Durant toute la phase de tension qui a précédé le massacre, "les dirigeants syndicaux sont restés invisibles", constate Dirk Kotze. Selon lui, le grand syndicat des mines NUM a perdu son emprise sur les mineurs, "parce qu'il est vu comme un allié du gouvernement, et spécialement du président Jacob Zuma".

Ce discrédit a laissé une place libre à d'autres syndicats, plus radicaux. A Marikana, c'est le petit syndicat AMCU, une dissidence de NUM, qui est montré du doigt pour avoir échauffé les mineurs en promettant de mirifiques augmentations de salaires.

Société "volatile"

Avant le drame de jeudi, des affrontements entre partisans de NUM et d'AMCU avaient fait dix morts en quelques jours. Plus profondément encore, c'est l'incapacité du gouvernement à gérer ce genre de crise, et surtout à améliorer les conditions de vie de la classe ouvrière, 18 ans après la chute de l'apartheid, qui est largement dénoncée.

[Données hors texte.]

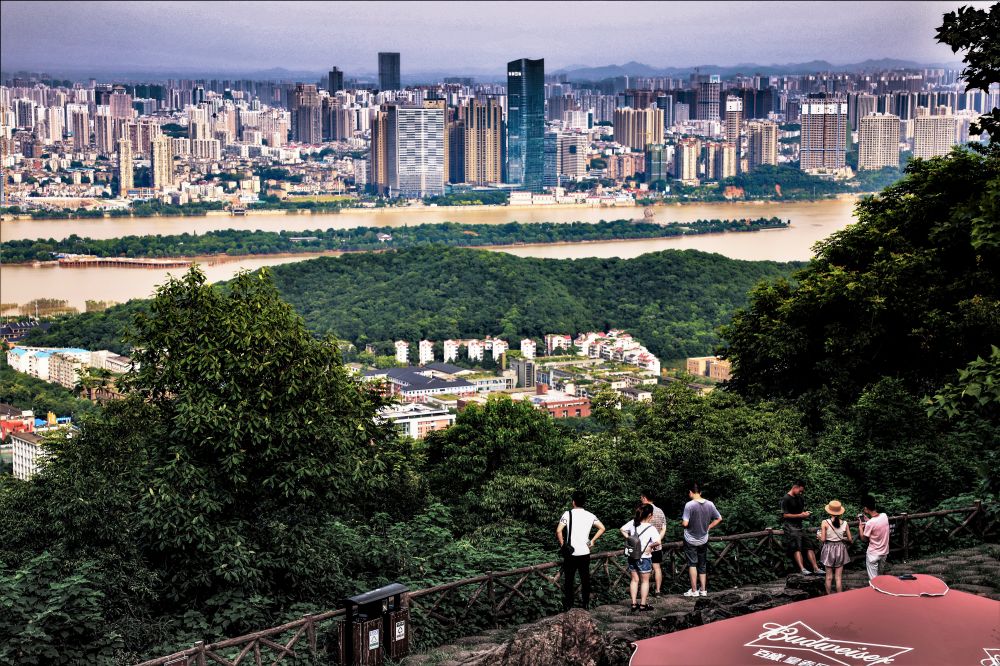此时是夏天,自然到处绿色。到了山上,往东一看,湘江对面的长沙中心地带便是一览无余。湘江在长沙的这一段是南北流向,把长沙隔成东西两片。东边是主城,西边便是岳麓山,岳麓书院,爱晚亭 这片风景区。湖南大学,中南大学,及长沙市政府所在的岳麓区也在西边。

"Je ne crois pas qu'ils se rendent compte à quel point notre société est devenue volatile", dit à l'AFP l'analyste Adam Habib, de l'Université de Johannesburg, "cent ans après le début des mines en Afrique du Sud, les gens vivent toujours dans les mêmes conditions qu'au début du 20e siècle". Pessimiste, M. Fakir prédit que ce type de catastrophe risque de devenir récurrent en Afrique du Sud: "Ca va exploser de nouveau dans trois ans, parce le gouvernement ne fait rien pour résorber les inégalités, les différences de salaires, les conditions de travail, la santé et la sécurité dans les mines, alors que ce sont les données de bases du problème".

Plus optimiste, son collègue Adam Habib espère que le drame de Marikana va provoquer "une crise existentielle en Afrique du Sud: qui sommes-nous, et qui devenons-nous?". "Si cela arrive, je pense que ce sera une bonne chose pour l'Afrique du Sud", dit-il.